From Healthy Scans to Annotated Tumors: A Tumor Fabrication Framework for 3D Brain MRI Synthesis
Nayu Dong, Townim Chowdhury, Hieu Phan, Mark Jenkinson, Johan Verjans, Zhibin Liao
TL;DR
The paper tackles the scarcity of annotated MRI tumor data by introducing Tumor Fabrication (TF), a two-stage framework that turns healthy 3D brain scans into realistic tumor-bearing images with paired labels using only a small set of real tumor data.
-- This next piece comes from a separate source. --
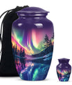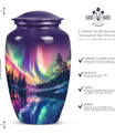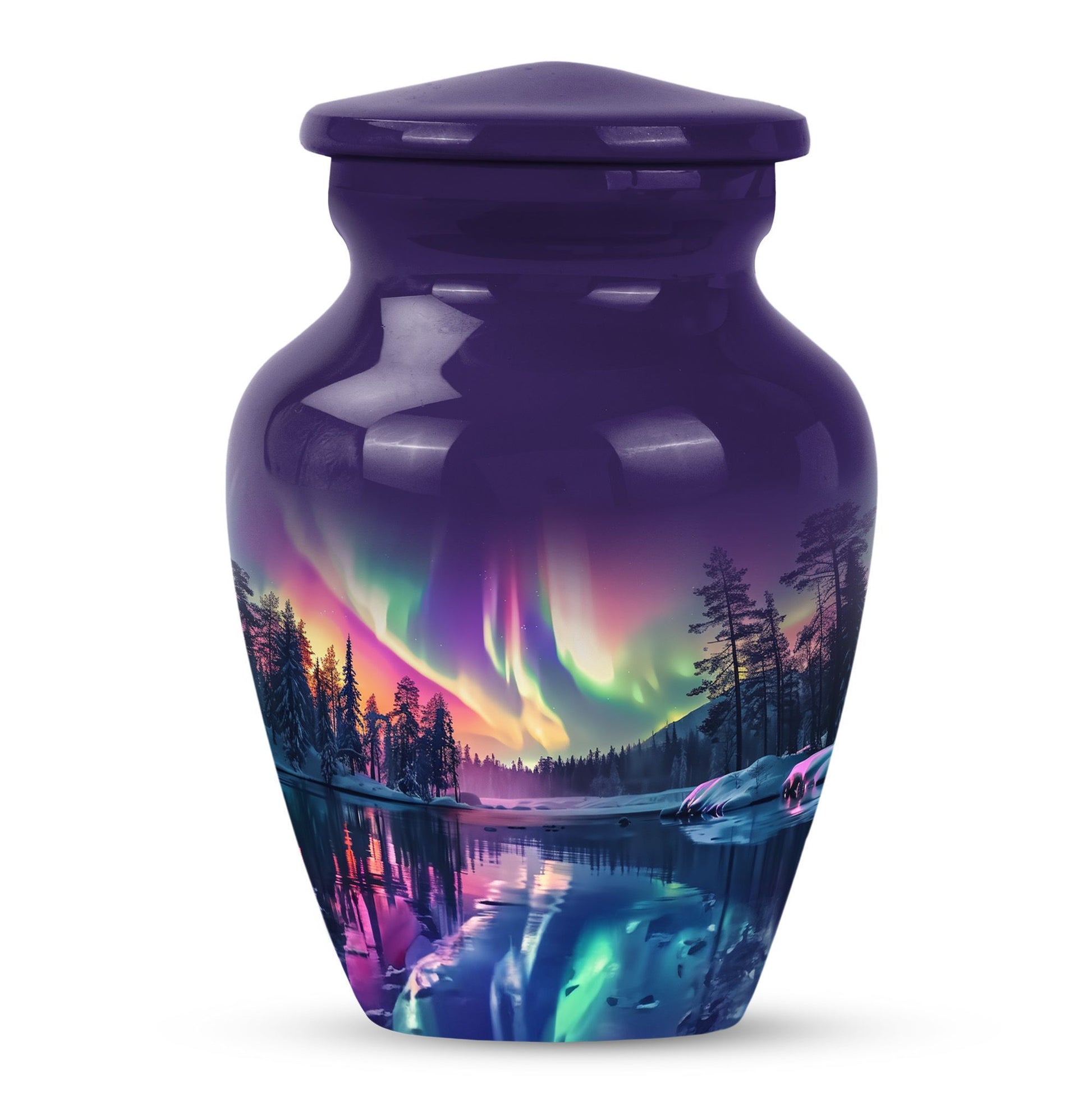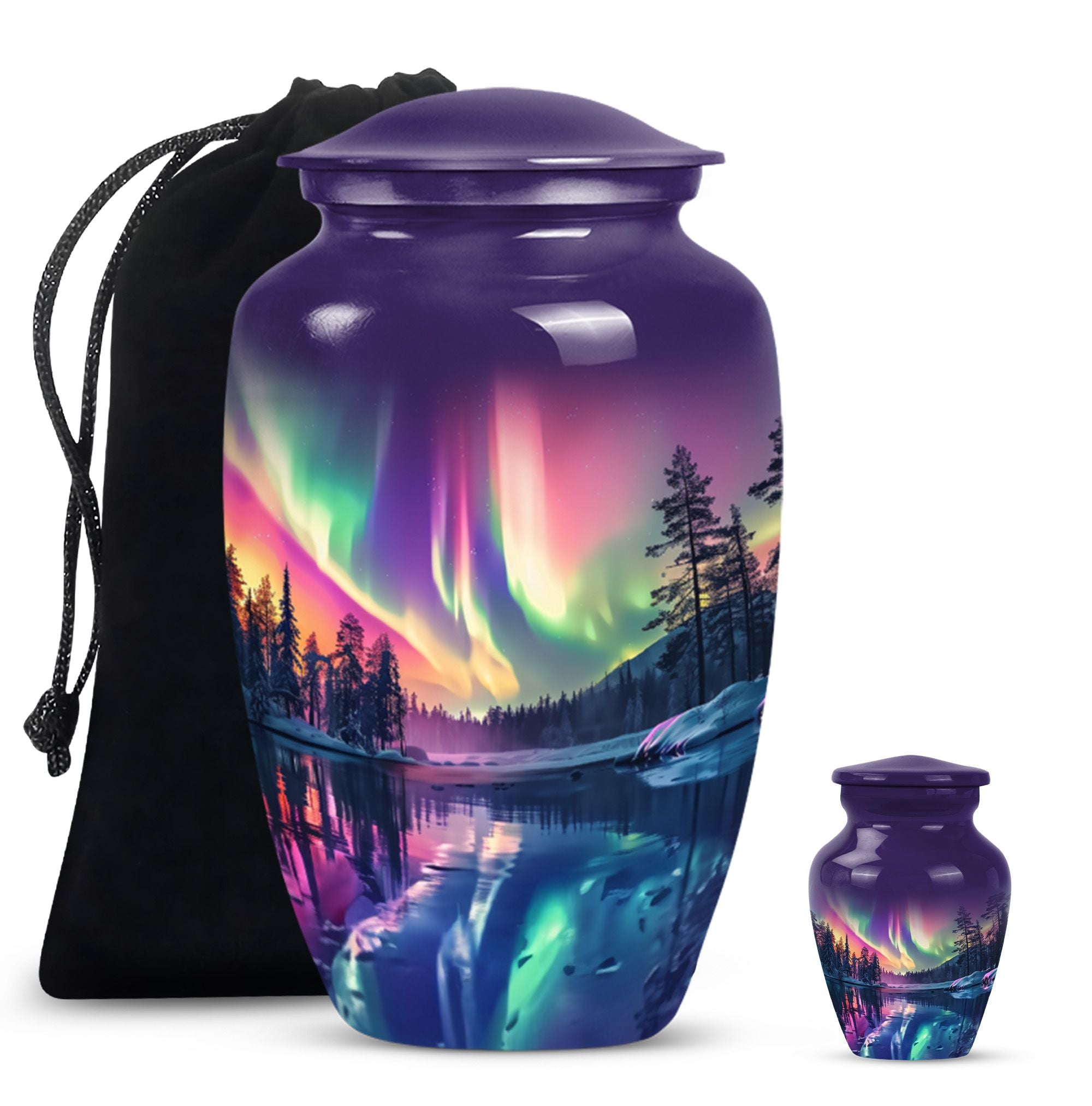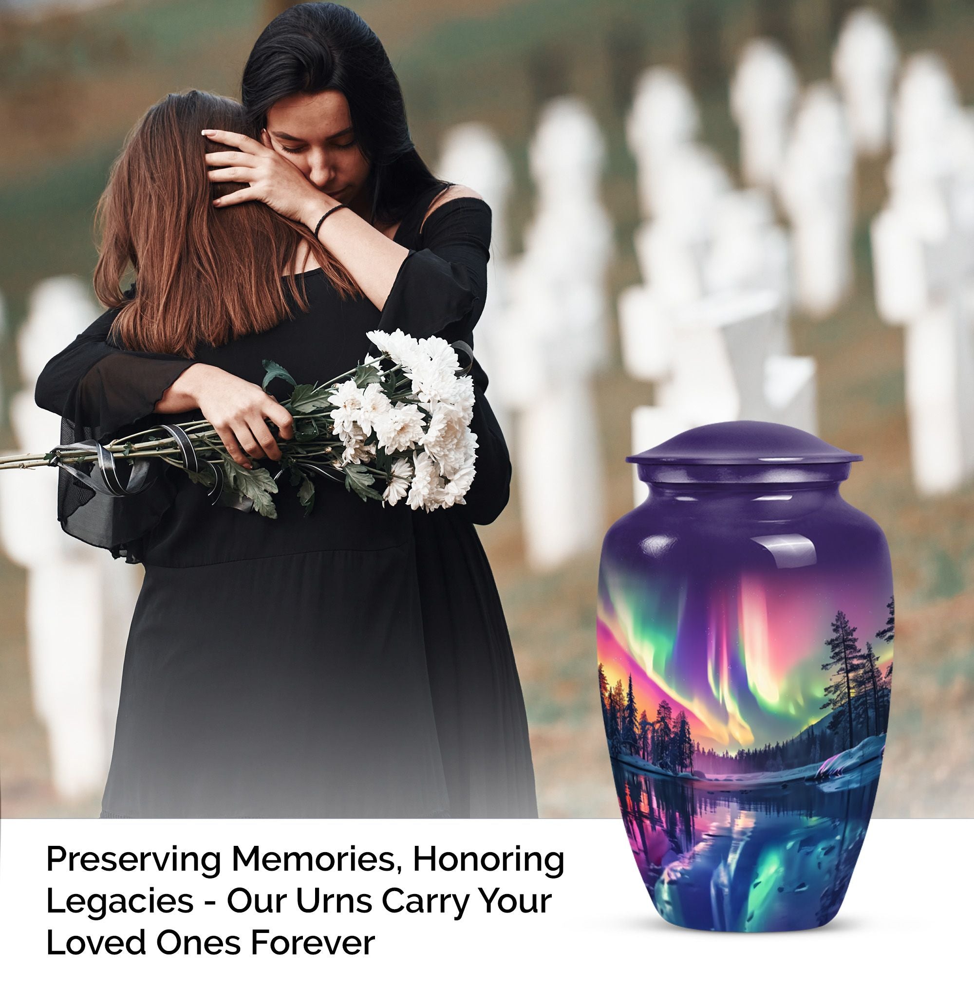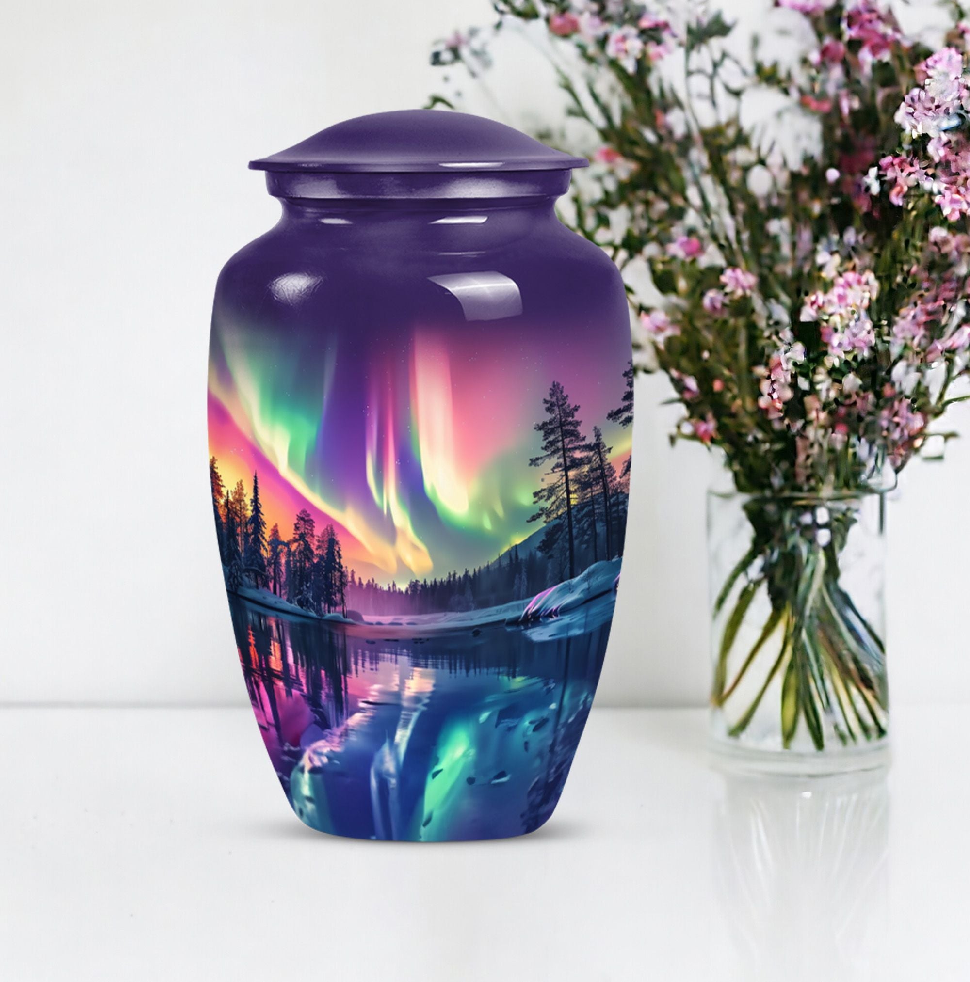 Gracefully crafted from strong aluminum, the AURORA Urn is the epitome of elegant and sophisticated simplicity. Serving as an ideal memorial adult urn, this cremation urn, measuring 10 inches, possesses a weight of 3.3 pounds and the capacity to hold up to 200 cubic inches. This size is perfectly suited for adults, making it applicable for large urns category. The urn is elegantly packaged in a velvet pouch for graceful containment and protection of the cherished ashes. One of the key features is the opportunity for personalization - you can engrave names on it to preserve the memory of your loved ones in more than spirit. Exhibiting an abstract theme, it combines the high-quality contemporary materials with a timeless classic urn design that doesn't fade or lose its touch over the years. With appropriate keywords such as funeral burial urns, human ash urns, ashes urn, and cremation containers for human ashes, this urn distinctly stands out with its impeccable features and purposeful simplicity.

TF-Aug generates coarse image–label pairs through ROI-based augmentation on healthy scans, and TF-GAN refines these into high-fidelity tumor-bearing volumes with a dual-head discriminator and class-wise perceptual guidance. Across BraTS 2023, TF data enrichment yields statistically significant segmentation gains in low-data regimes, outperforming CarveMix and Pix2Pix baselines and demonstrating robustness to varying synthetic data volumes. The results highlight the practical potential of leveraging abundant healthy data to enrich supervised learning in clinical AI, while acknowledging limitations in edema realism and mass-effect modeling and outlining directions for more realistic, customizable synthesis.
Abstract
The scarcity of annotated Magnetic Resonance Imaging (MRI) tumor data presents a major obstacle to accurate and automated tumor segmentation. While existing data synthesis methods offer promising solutions, they often suffer from key limitations: manual modeling is labor intensive and requires expert knowledge. Deep generative models may be used to augment data and annotation, but they typically demand large amounts of training pairs in the first place, which is impractical in data limited clinical settings. In this work, we propose Tumor Fabrication (TF), a novel two-stage framework for unpaired 3D brain tumor synthesis. The framework comprises a coarse tumor synthesis process followed by a refinement process powered by a generative model. TF is fully automated and leverages only healthy image scans along with a limited amount of real annotated data to synthesize large volumes of paired synthetic data for enriching downstream supervised segmentation training. We demonstrate that our synthetic image-label pairs used as data enrichment can significantly improve performance on downstream tumor segmentation tasks in low-data regimes, offering a scalable and reliable solution for medical image enrichment and addressing critical challenges in data scarcity for clinical AI applications.